This year has been a fantastic one for renewable energy stocks. The Invesco Solar ETF, which focuses on solar energy stocks, is up a stunning 192% this year. Meanwhile, the iShares Global Clean Energy ETF has surged an impressive 110%. That’s despite some impact from the COVID-19 outbreak on the sector, which slowed project development.
However, as good as 2020 has been for renewables, the future is even brighter. Here are two reasons investors should consider investing in renewable energy stocks even after a big run in 2020.
The sector’s growth prospects are simply breathtaking
The cost of renewable energy developments has declined to the point where they’re becoming cheaper than fossil fuels. Onshore wind is less expensive in many areas than building a new combined cycle gas turbine, while solar is rapidly reaching that point. Many forecasters believe that solar will soon be the lowest cost supplier of bulk power.
Because of that, and growing climate change concerns — which is powering net-zero pledges around the globe — renewable energy development is accelerating. According to the National Renewable Energy Laboratory, the sector is on track to add an average of 10 gigawatts (GW) of new solar and a similar amount of new wind capacity per year through 2022. Forecasters see a brisker pace in the 2023 to 2030 timeframe of 12-15 GW of wind and 18-20 GW of solar, implying 15% average annual market growth. As a result, the companies focused on the sector should grow at accelerating rates over the next several years.
Meanwhile, the longer-term opportunity is even greater as companies and governments race to meet their pledges of a net-zero carbon future by 2050. One potential power source that could fuel an enormous increase in renewable energy usage is green hydrogen. That emissions-free fuel has the potential to grow the addressable market for renewable energy by 19 to 24 times its current size by 2050.
The returns from renewable are increasingly attractive
For years, the main driver of renewable energy development was government incentives, which were necessary to justify the investment. However, with costs coming down so dramatically, renewables can generate attractive returns on investment.
As a result of technology advances and reductions in construction costs, solar can stand on its own without subsidies and more importantly, is now among the lowest cost sources of conventional power globally. To put this in perspective, solar costs over the last five years-the period in which we have built our solar business-have gone from over $4 per watt to install, to less than a $1 per watt in almost all jurisdictions around the world. As a result of these favorable economics, as well as the renewable nature and perpetual source of free energy, we believe it is possible that in ten years from now the majority of the production capacity of Brookfield Renewable will be solar capacity. It is not that we do not believe in wind or hydro but the growth in solar and the ability for us to develop and earn strong risk adjusted returns should enable us to grow our solar operations at a far greater pace.
The company put the returns into context by discussing a recent investment. It acquired a 1.2 GW solar development project in Brazil for $200 million, which is one of the largest solar development projects in the world. Brookfield noted that, thanks to its: “global scale, we expect to drive down equipment procurement, installation and operating costs to deliver additional value over time.

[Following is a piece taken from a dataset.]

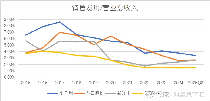 销售毛利率的变化说明史丹利并不是通过降低价格换取的增长。相比于2015年的21.71%,史丹利2025年的销售毛利率为18.01%,降低了3.71%。但是在业绩连涨的年份,史丹利的销售毛利率基本保持稳定。
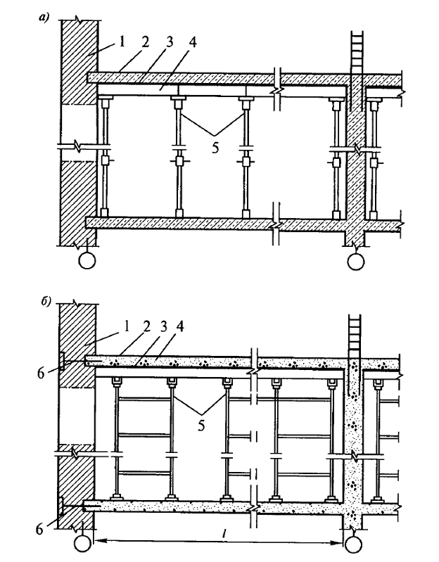 Монолитные перекрытия. При реконструкции зданий криволинейной и сложной формы, когда применение сборных конструкций перекрытий сопряжено с использованием большого числа доборных элементов и монолитных участков, может быть рекомендовано монолитное перекрытие. Эта рекомендация базируется на индустриальности монолитных систем, адаптированных к различным технологическим условиям, а также на механизации процессов транспортирования, укладки и уплотнения бетонной смеси. • подготовительные работы по пробивке штраб, усилению или замене отдельных участков кладки;

Accordingly, we expect to achieve approximately 20% returns on this investment.”
High-return projects like that are powering Brookfield’s forecast that it can grow its cash flow per share at an 11% to 16% annual clip through 2025. That would support 5% to 9% annual increases to its dividend. Meanwhile, leading renewable energy generator NextEra Energy (NYSE:NEE) also sees high-powered growth ahead. The utility recently raised and extended its earnings growth outlook, forecasting 6% to 8% annual earnings-per-share growth through 2023 off of a 10% higher baseline for 2021. That renewable-powered forecast should enable NextEra to grow its dividend by around 10% annually through at least 2022. This high-powered growth should give these renewable-focused companies the power to generate market-beating total returns.
Growth that matters
The renewable energy industry has a spotty track record of creating value for investors because many companies chased growth at all costs. However, with development costs coming down, renewables are increasingly profitable investments. The sector thus appears poised to pay big dividends for investors in the company years, especially as value creators like Brookfield and NextEra accelerate their development capabilities to capture more of the growth ahead in the sector.